Following The Cruel Knives were Sick Joy, hailing from Brighton. A little less of a nod to the commercial but with an increase in “edge” to make up for it, the trio of Mykl on Guitar & Vocals, Danny on Bass and Backing Vocals and Drew on the Drums made for a bit of a stark contrast, but not an unwelcome one. Their website describes them as a Heavy Pop band but to me they were a Grunge/Rock band in the finest traditions. Slightly sullen looking while playing, Sick Joy were a charming, approachable group that brought the audience along with them as their set went, and while I’ve never been a fan of the Fender Jaguar jangly sound, there’s no denying that Mykl played it well. The real hero of the troupe for me was Drew though, unassuming at the back, there some really tasty drum beats that I thought were great and caught my attention.
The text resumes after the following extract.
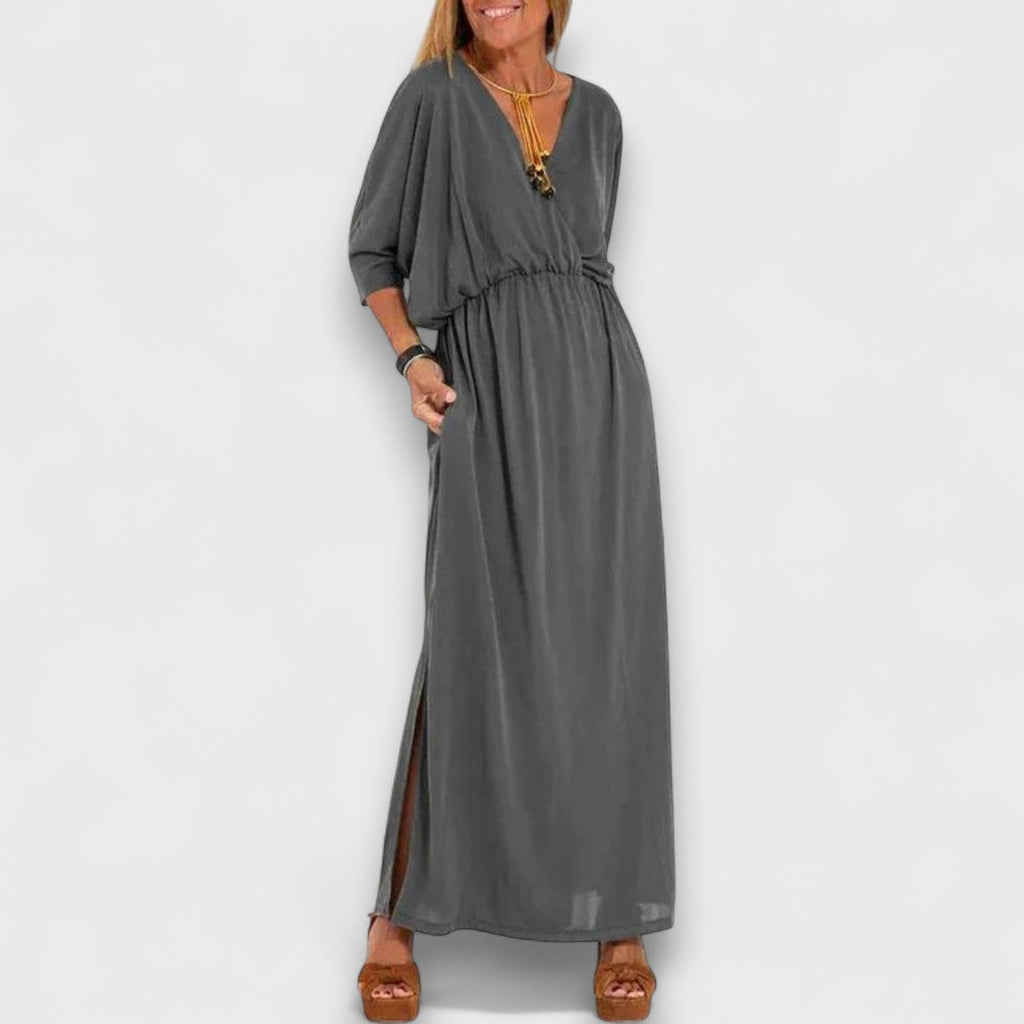 Elora dances around the figure in gentle lines – a dress that carries a touch of lightness through warm summer days. With its flattering cut, deep V-neckline, and subtle vintage flair, it brings feminine calm to every moment. The soft, breathable fabric caresses the skin and gives you a feeling of freedom that never compromises on elegance.

And then, with little ado, Rews took to the stage. Recently making their Radio 1 debut, Rews look to be heading for big things; and it’s easy to see why. Rarely do a duo come around that have such a depth of sound and strong stage presence. And with some killer songs to boot. With their trademark harmonies and crafty use of effects pedals, Rews immediately had the crowd on side and owned the evening in every sense. We were treated to all of the “hits” through the set, and though it may be a bit of a cliché to say it, the singles are, in my opinion, the singles for a reason. ‘Shake Shake’ was a true stand-out song as was ‘Miss You In The Dark’, and not just because they’re two of the ones you can listen to on Youtube and are more familiar with. Not to say that the other songs aren’t good because they are but, in some ways, there are similarities in the non-single tracks that make them harder to differentiate. I’m already looking forward to the second album to see what innovative ideas they come up with to break their own mould. Overall, Rews were just as personable and charming as ever and hit us with a high-octane set that was a perfect demonstration of why people are starting to take notice of them; and it was little surprise to see that once the main part of their set was over, people were clamouring for more.
Rews are stars in the making, and I think they really demonstrated it. If you get the chance to see them in a smaller, more intimate venue, do so while you still can. I have no doubt that they could be playing in much bigger venues before long. And I, for one, wish them the very best of luck and hope it does happen.